# SUPPLIED MATERIAL
↓↓↓
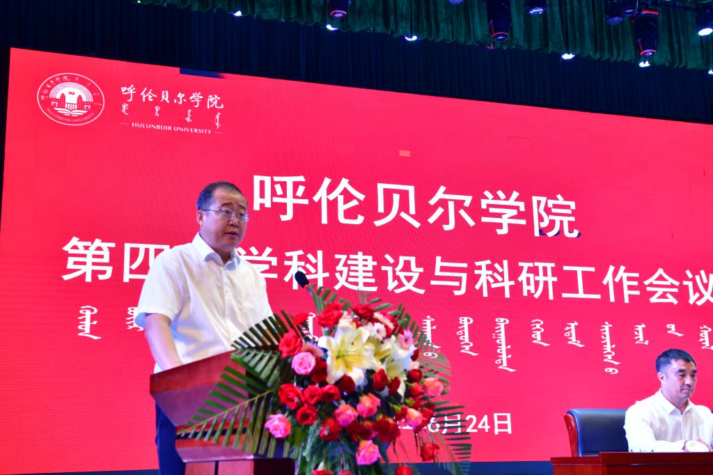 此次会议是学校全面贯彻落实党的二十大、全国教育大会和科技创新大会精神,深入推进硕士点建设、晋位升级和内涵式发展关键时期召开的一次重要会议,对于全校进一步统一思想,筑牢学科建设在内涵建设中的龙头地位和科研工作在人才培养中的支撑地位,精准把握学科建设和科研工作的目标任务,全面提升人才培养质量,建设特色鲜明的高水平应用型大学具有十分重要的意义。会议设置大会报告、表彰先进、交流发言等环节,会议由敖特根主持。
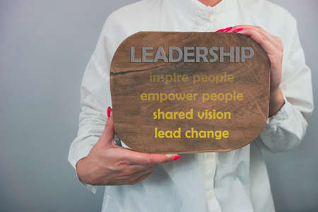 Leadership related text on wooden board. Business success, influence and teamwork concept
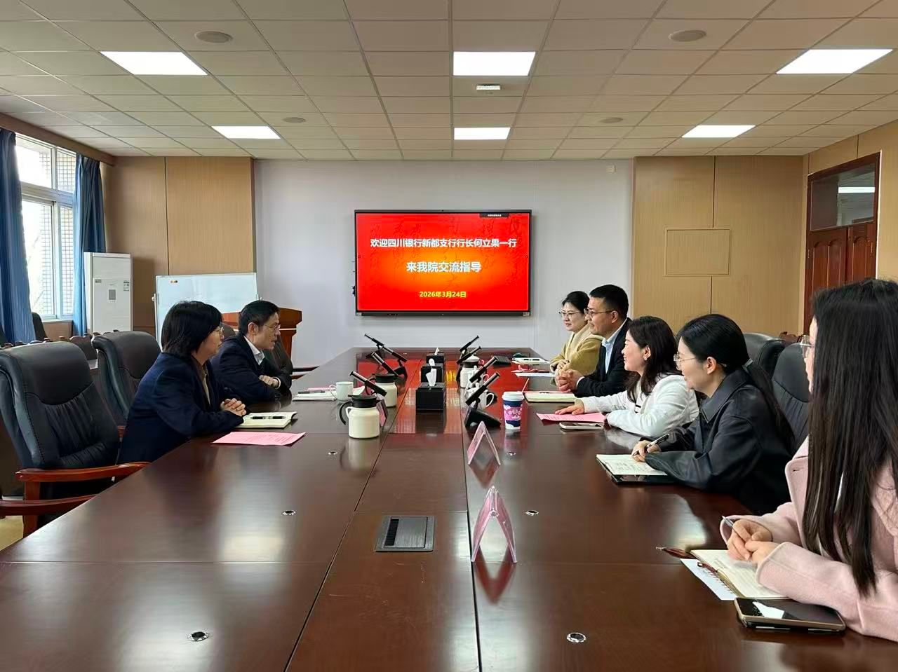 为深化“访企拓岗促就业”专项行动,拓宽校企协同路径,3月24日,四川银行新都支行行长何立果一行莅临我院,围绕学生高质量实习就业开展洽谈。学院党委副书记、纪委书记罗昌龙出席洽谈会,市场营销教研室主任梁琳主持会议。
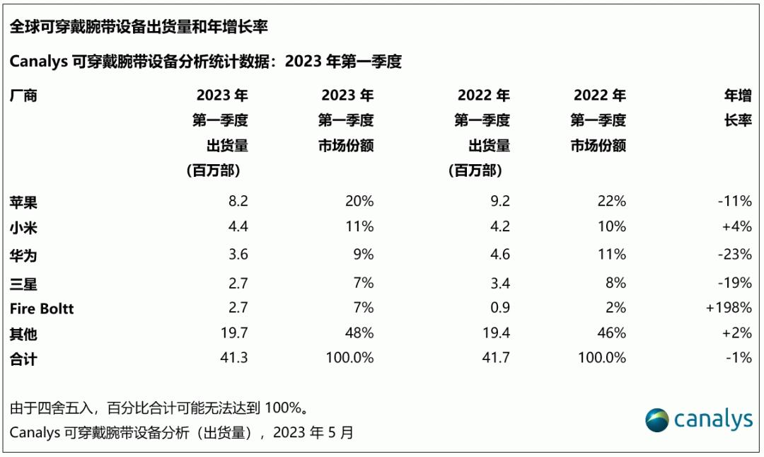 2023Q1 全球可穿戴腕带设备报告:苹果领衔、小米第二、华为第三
↑↑↑
# WORK TO COMPLETE
Where a picture appears, skip it; repeat everything else in the data exactly.

# COMPLETED TASK
 此次会议是学校全面贯彻落实党的二十大、全国教育大会和科技创新大会精神,深入推进硕士点建设、晋位升级和内涵式发展关键时期召开的一次重要会议,对于全校进一步统一思想,筑牢学科建设在内涵建设中的龙头地位和科研工作在人才培养中的支撑地位,精准把握学科建设和科研工作的目标任务,全面提升人才培养质量,建设特色鲜明的高水平应用型大学具有十分重要的意义。会议设置大会报告、表彰先进、交流发言等环节,会议由敖特根主持。
 Leadership related text on wooden board. Business success, influence and teamwork concept
 为深化“访企拓岗促就业”专项行动,拓宽校企协同路径,3月24日,四川银行新都支行行长何立果一行莅临我院,围绕学生高质量实习就业开展洽谈。学院党委副书记、纪委书记罗昌龙出席洽谈会,市场营销教研室主任梁琳主持会议。
 2023Q1 全球可穿戴腕带设备报告:苹果领衔、小米第二、华为第三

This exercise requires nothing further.